I haven't filled that prescription yet, but I think I'm going to. I guess then I'll know if it's that MAOI effect that I've been lacking. The more I read about depression, the more I realize that it's exactly what I've experiencing since quitting smoking. It's quite normal to go through that for a few weeks after quitting, of course, but after five months, no.

Why not try Swedish snus instead? Many ex-smokers end up spending the rest of their lives using antidepressants when their bodies can't regulate proper dopamine release and re-absorption. Swedish snus is the real thing, and I'd challenge anyone to show proof of any antidepressant on the market that can claim to be even half as safe to use. Unfortunately, it carries the tobacco stigma, so even doctors usually don't bother to consider it. In one days time snus will let you know if your doctors right. It usually takes several days to determine if a prescription antidepressant is doing anything, then regular doctor visits to fiddle with the dosage adjustments. And if it doesn't help, you can't just stop taking it, the dosage will need to decrease over time to ween the body from it. Just my thoughts :).

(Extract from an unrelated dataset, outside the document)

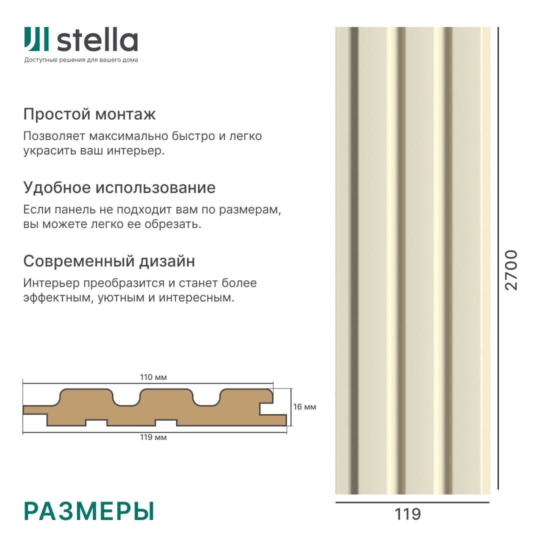 Панель Стеновая Реечная МДФ Stella Beats De Luxe Palomino 2700 x 119 x 16 мм представляет собой современное и лаконичное решение для красивого интерьера. Изготовленная из высококачественного МДФ, она обладает стильной реечной текстурой, которая добавляет помещению изящества и актуальности.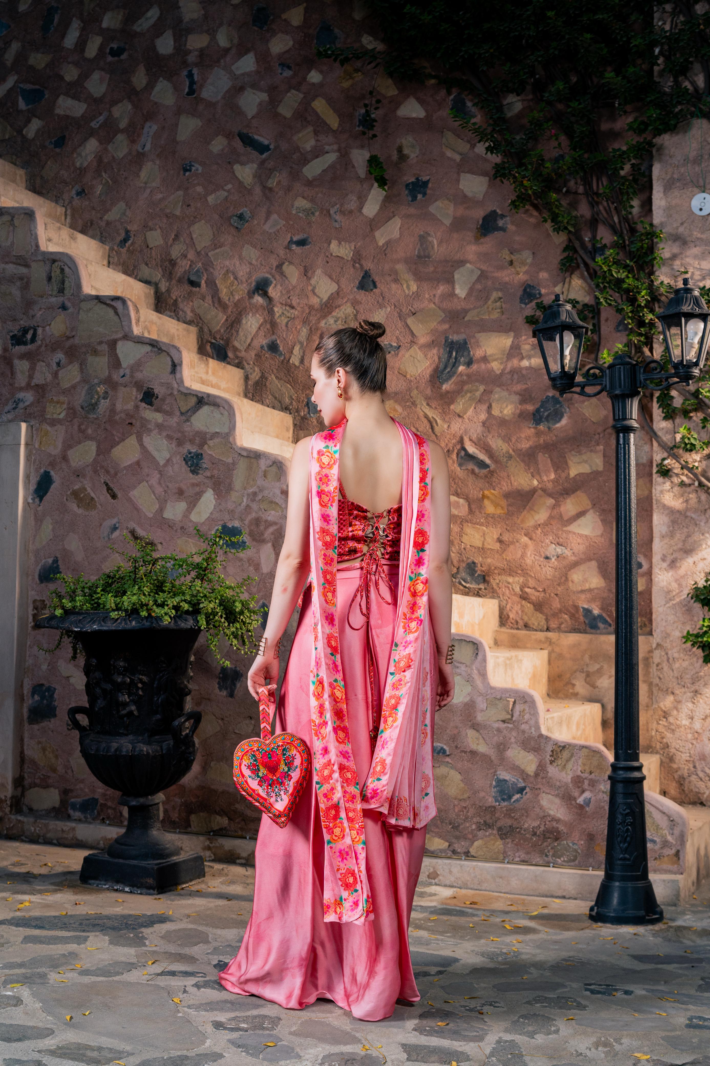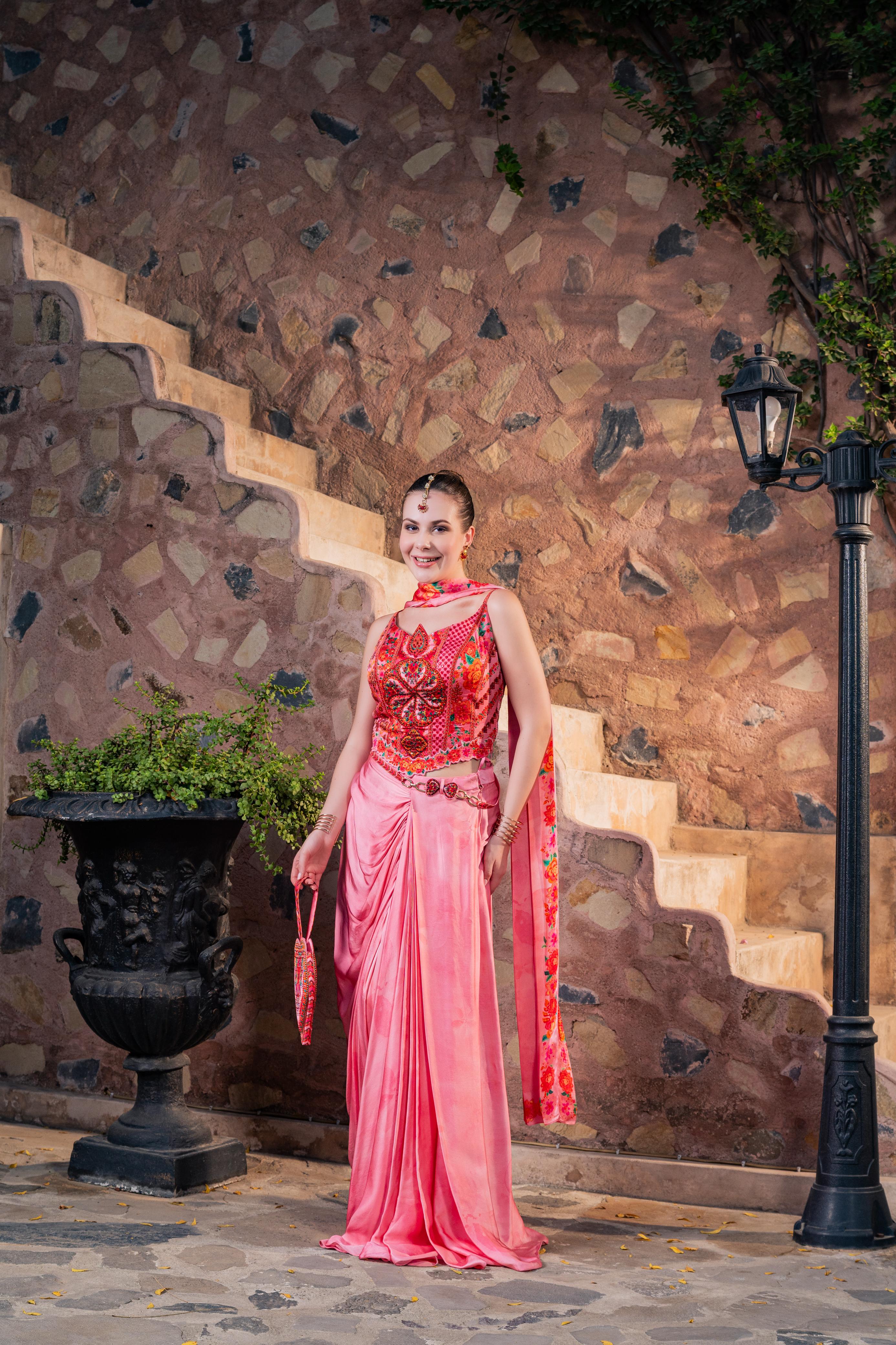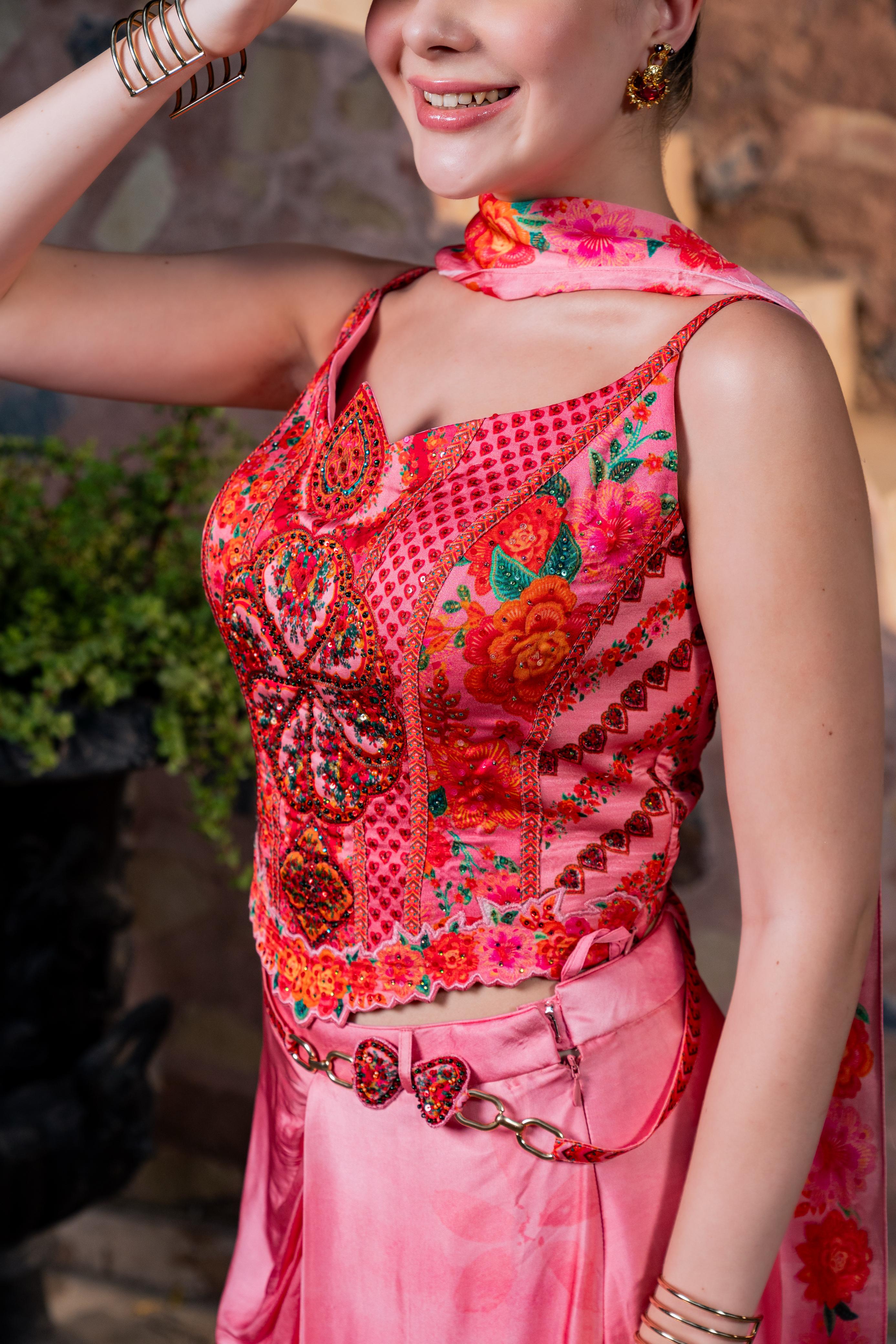 A statement waist belt and matching embroidered heart-shaped potli complete the look, making it a versatile outfit that balances playfulness with elegance. Perfect for sangeets, cocktail evenings, and festive soirées, this design celebrates femininity with a modern twist.

Interesting study. I never gave it much thought, but it seems to be a valid argument that SNUS would enhance the absorption of nicotine from vaping. I do SNUS sometimes and while doing so, I don't hit my PV as much, now that I think about it. But I would think that would be from the aggregate accumulation of nicotine and not the enhanced absorption.

sanford, snus and eliquid stand seperately, the pH in the snus is what keeps the nic in a free-base form. If the pH in eliquids could be optimized like in snus, more of the nic content in the eliquid should be bio-available. At least that's the theory. The question is if it makes for better vaping if a higher pH drink is consumed at the same time......kind of a nifty angle, huh :).